Assignment — Quote all lines below exactly. Images stay out.

Dataset content —
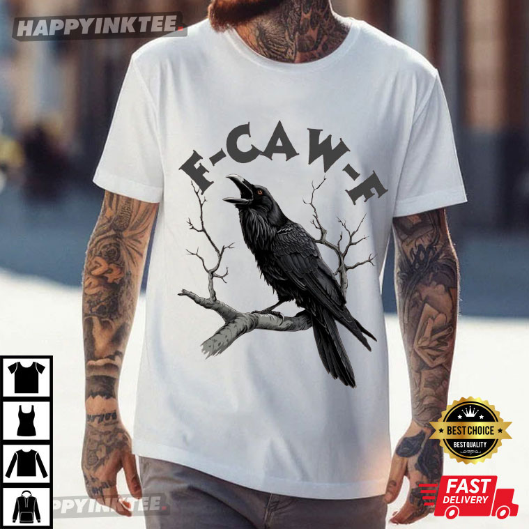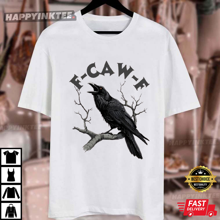 The design shows a striking black crow sitting on a bare branch, mid-caw, with the playful phrase “F-Caw-F” above it. No matter if you take it as a bird’s squawk or a cheeky comment, this Raven lover shirt is sure to get some laughs and grab attention.
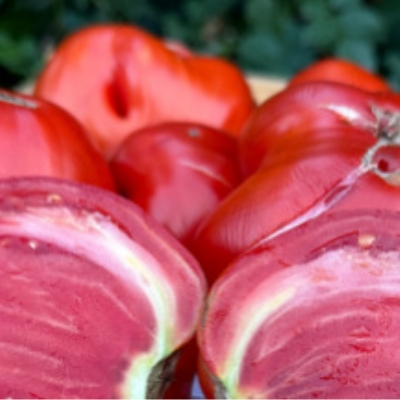 Плоды томата Красная линия имеют округлую форму сердца или могут быть представлены в виде сдвоенных сердец. Они отличаются внушительными размерами: масса одного плода может достигать до 1000 г. Мякоть у этих томатов малиновая, что придает им особую привлекательность как на вид, так и на вкус.
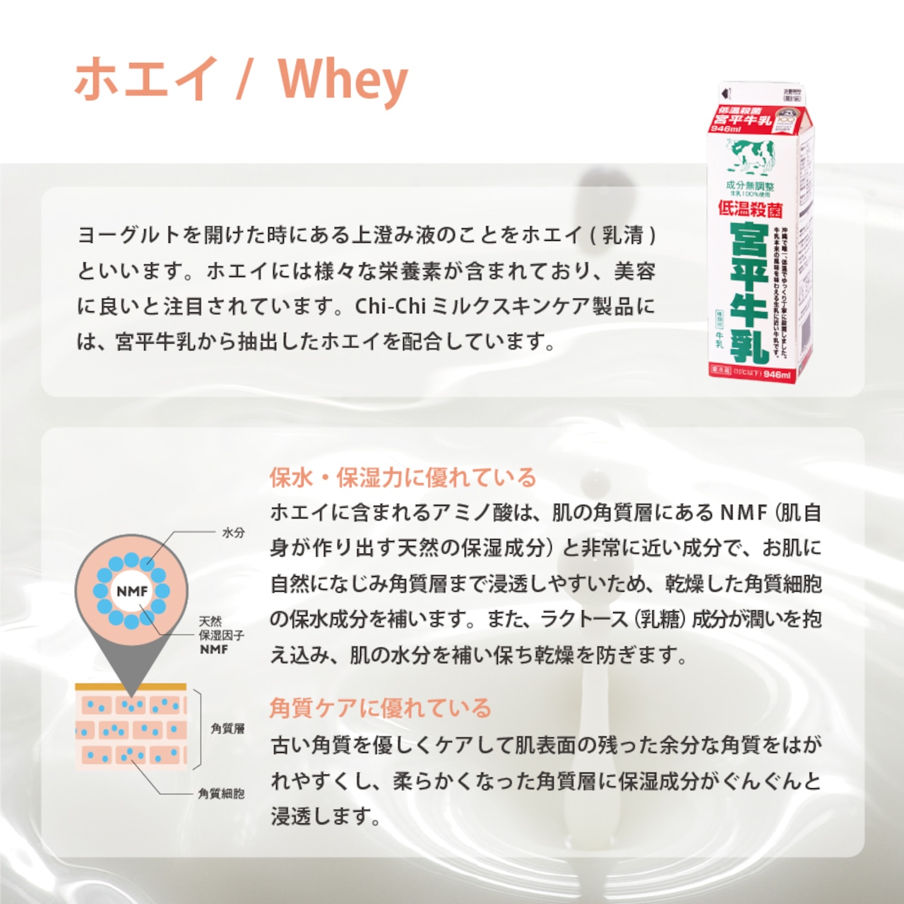 ヨーグルトを開けた時に現れる上澄み液(乳清)は、豊富な栄養素が含まれており、美容に良いとされています。ホエイに含まれるアミノ酸は、お肌の角質層にある自然の保湿因子NMFに近い成分で、お肌になじみやすく、乾燥しがちな角質細胞にうるおいを与えます。

Response area —
 The design shows a striking black crow sitting on a bare branch, mid-caw, with the playful phrase “F-Caw-F” above it. No matter if you take it as a bird’s squawk or a cheeky comment, this Raven lover shirt is sure to get some laughs and grab attention.
 Плоды томата Красная линия имеют округлую форму сердца или могут быть представлены в виде сдвоенных сердец. Они отличаются внушительными размерами: масса одного плода может достигать до 1000 г. Мякоть у этих томатов малиновая, что придает им особую привлекательность как на вид, так и на вкус.
 ヨーグルトを開けた時に現れる上澄み液(乳清)は、豊富な栄養素が含まれており、美容に良いとされています。ホエイに含まれるアミノ酸は、お肌の角質層にある自然の保湿因子NMFに近い成分で、お肌になじみやすく、乾燥しがちな角質細胞にうるおいを与えます。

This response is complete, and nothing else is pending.